“You must sleep sometime between lunch and dinner, and no halfway measures,” wrote Winston Churchill.
Like Churchill, a lot of us are dedicated nappers. In fact, the older we get, the more likely we are to nap. That may seem like an innocent enough pleasure. But for decades researchers have been studying napping to understand how it affects everything from health to nighttime sleep patterns, and a few studies have raised red flags, including one that linked napping to health problems. But how long is good?
Here are some of the common nap timings and their effects :
- 10-20 minutes – This power nap is ideal for a boost in alertness and energy. This length usually limits you to the lighter stages of non rapid eye movement (NREM) sleep, making it easier to hit the ground running after waking up.
- 30 minutes – Some studies show sleeping this long may cause sleep inertia, a hangover like groggy feeling that lasts for up to 30 minutes after waking up, before the nap’s restorative benefits become apparent.

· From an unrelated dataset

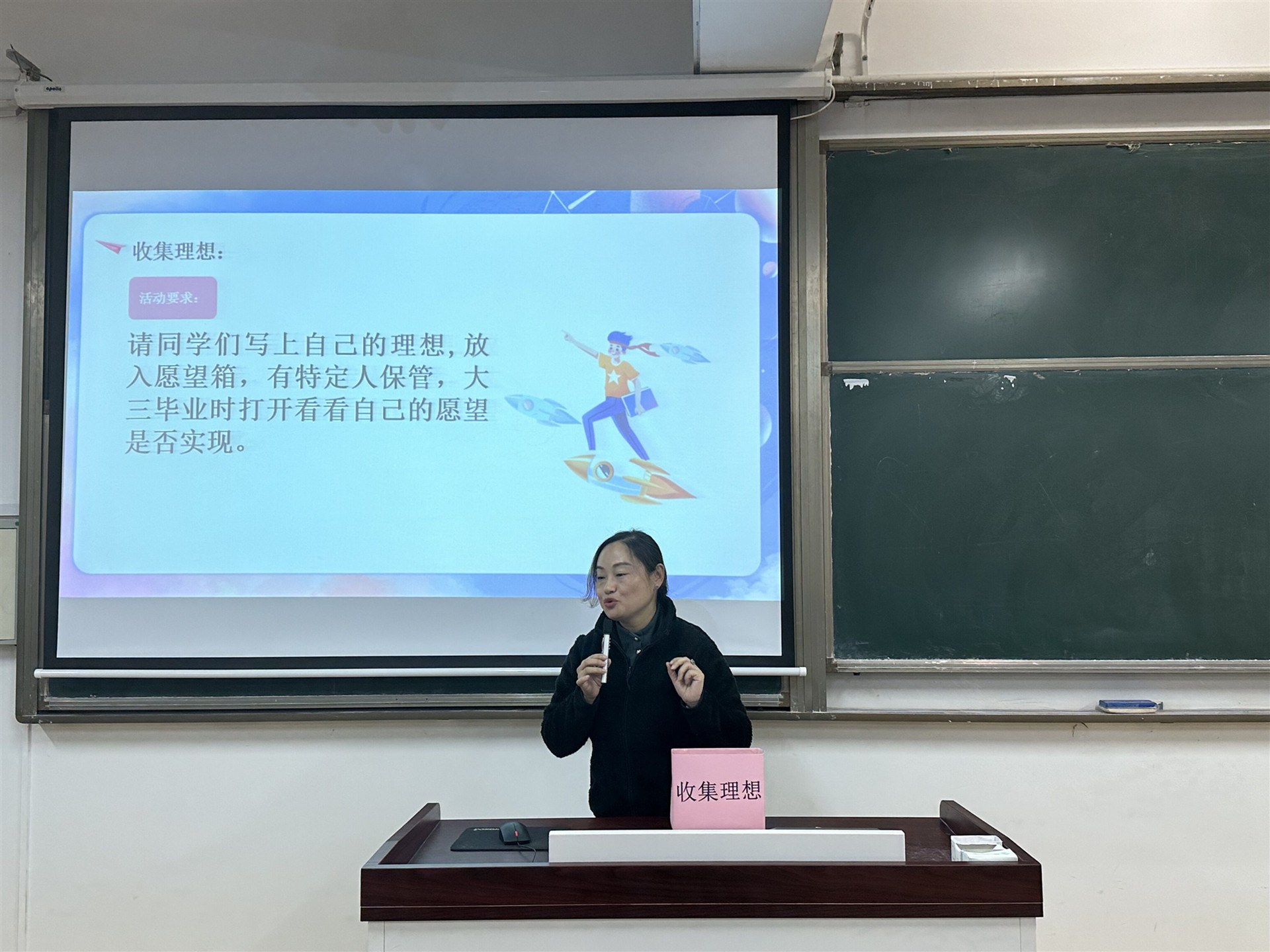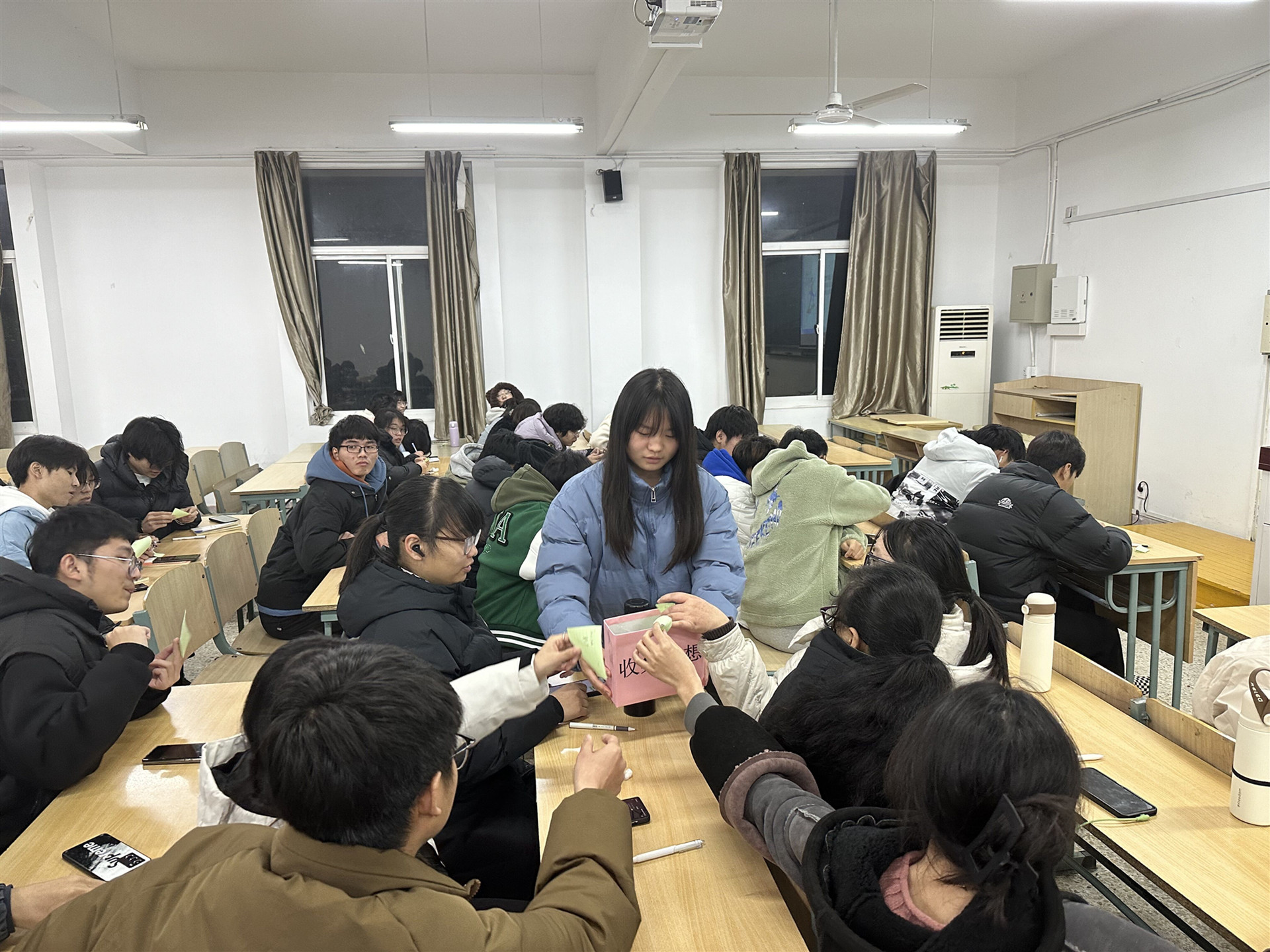 为了让同学们更好地表达自己的理想,李兰香为每位参与同学分发了便利贴。在便利贴上,同学们写下了自己对大学三年的理想与期许。最后,2023级学生李萌萌代表全体学生将所有的便利贴收集到心愿箱并带回保管,以便在大三毕业时共同回顾并检验自己的愿望是否得以实现。

- 60 minutes – This nap is best for improvement in remembering facts, faces and names. It includes slow wave sleep, the deepest type. The downside, some grogginess upon waking up.
- 90 minutes – This is a full cycle of sleep, meaning the lighter and deeper stages, including REM (rapid eye movement) sleep, typically likened to the dreaming stage. This leads to improved emotional and procedural memory (i.e. riding a bike, playing the piano) and creativity. A nap of this length typically avoids sleep inertia, making it easier to wake up.